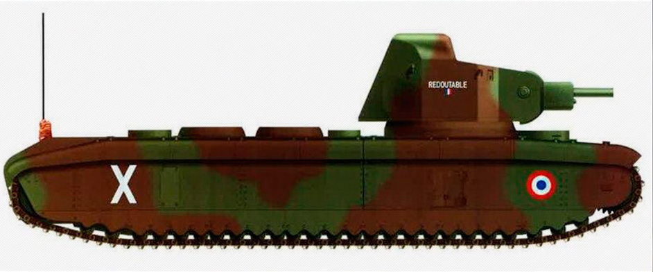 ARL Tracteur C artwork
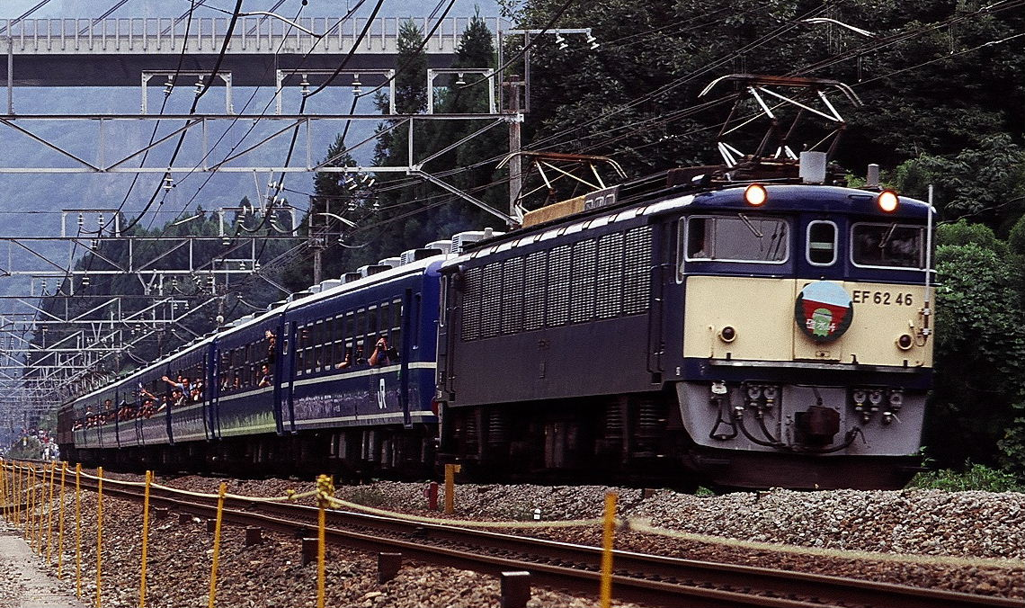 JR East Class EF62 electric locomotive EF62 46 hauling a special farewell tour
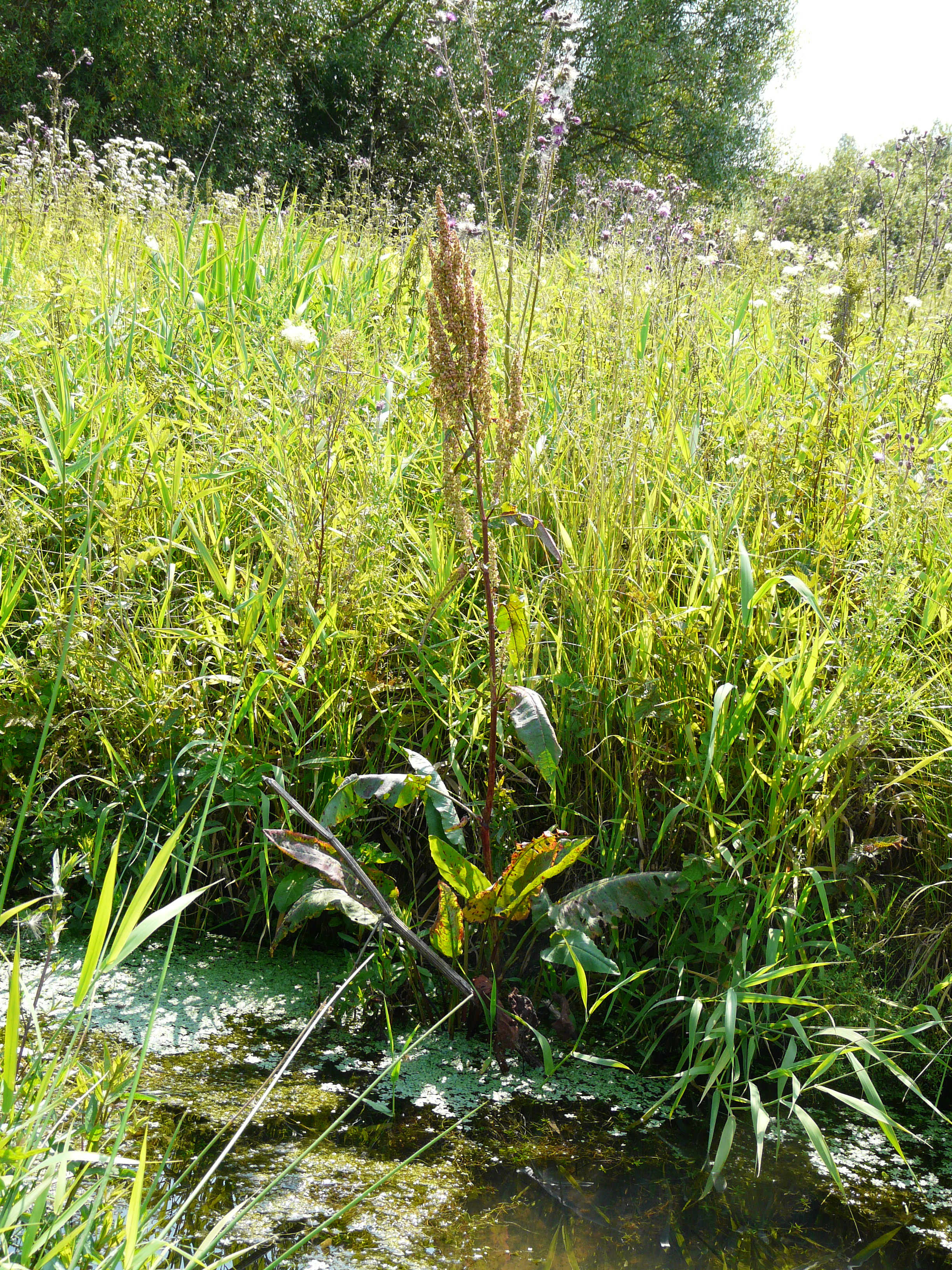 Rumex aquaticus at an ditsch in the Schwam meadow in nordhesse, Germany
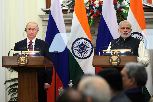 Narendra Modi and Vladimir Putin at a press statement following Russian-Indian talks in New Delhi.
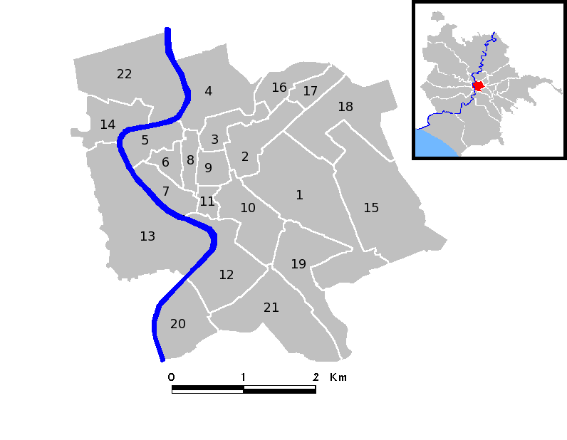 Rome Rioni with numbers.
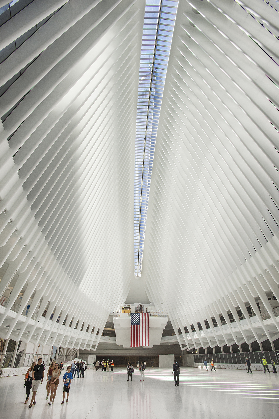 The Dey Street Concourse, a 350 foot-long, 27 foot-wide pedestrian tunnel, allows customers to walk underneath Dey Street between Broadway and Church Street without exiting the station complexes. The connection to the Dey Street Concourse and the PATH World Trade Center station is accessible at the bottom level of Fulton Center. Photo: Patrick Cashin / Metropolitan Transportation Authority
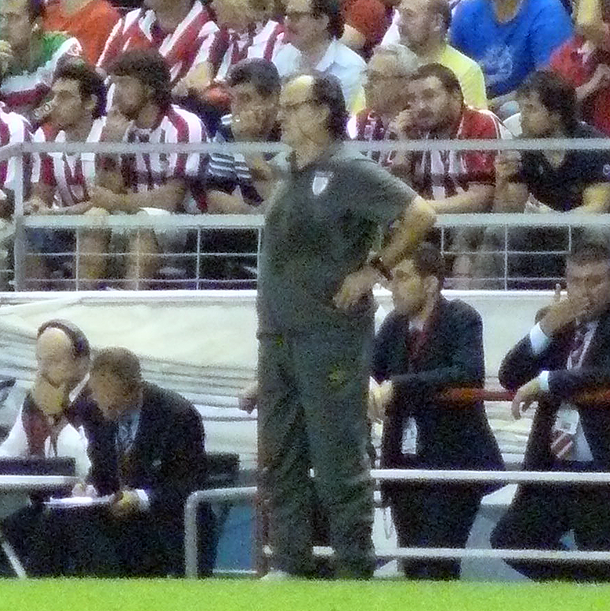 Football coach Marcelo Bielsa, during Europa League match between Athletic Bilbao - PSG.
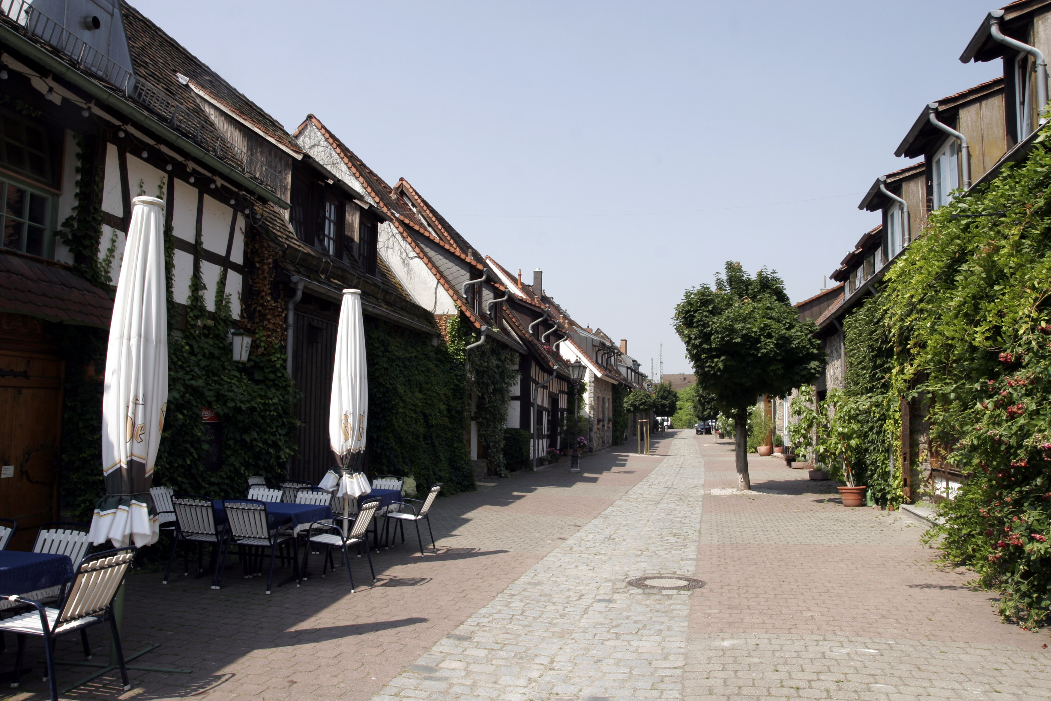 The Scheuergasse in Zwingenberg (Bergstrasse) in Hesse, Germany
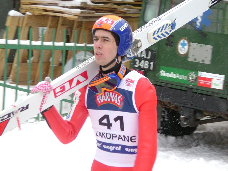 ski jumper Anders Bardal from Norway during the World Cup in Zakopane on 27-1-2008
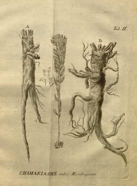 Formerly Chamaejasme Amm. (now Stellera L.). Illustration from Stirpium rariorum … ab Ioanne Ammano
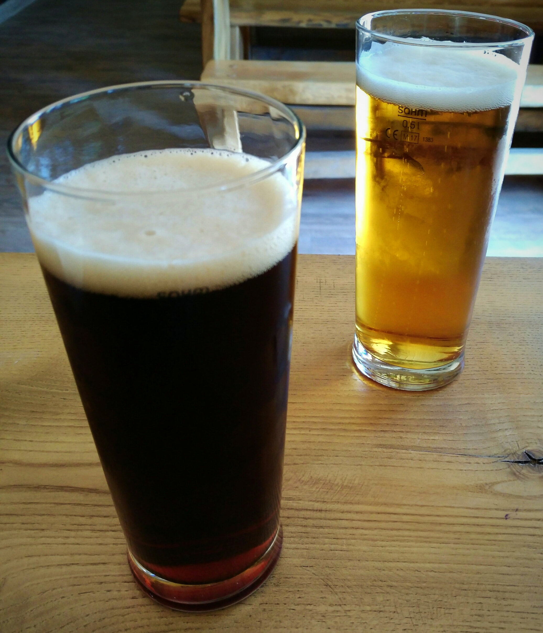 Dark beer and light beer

====

Repeat each line above exactly. The pictures stay out.

 ARL Tracteur C artwork
 JR East Class EF62 electric locomotive EF62 46 hauling a special farewell tour
 Rumex aquaticus at an ditsch in the Schwam meadow in nordhesse, Germany
 Narendra Modi and Vladimir Putin at a press statement following Russian-Indian talks in New Delhi.
 Rome Rioni with numbers.
 The Dey Street Concourse, a 350 foot-long, 27 foot-wide pedestrian tunnel, allows customers to walk underneath Dey Street between Broadway and Church Street without exiting the station complexes. The connection to the Dey Street Concourse and the PATH World Trade Center station is accessible at the bottom level of Fulton Center. Photo: Patrick Cashin / Metropolitan Transportation Authority
 Football coach Marcelo Bielsa, during Europa League match between Athletic Bilbao - PSG.
 The Scheuergasse in Zwingenberg (Bergstrasse) in Hesse, Germany
 ski jumper Anders Bardal from Norway during the World Cup in Zakopane on 27-1-2008
 Formerly Chamaejasme Amm. (now Stellera L.). Illustration from Stirpium rariorum … ab Ioanne Ammano
 Dark beer and light beer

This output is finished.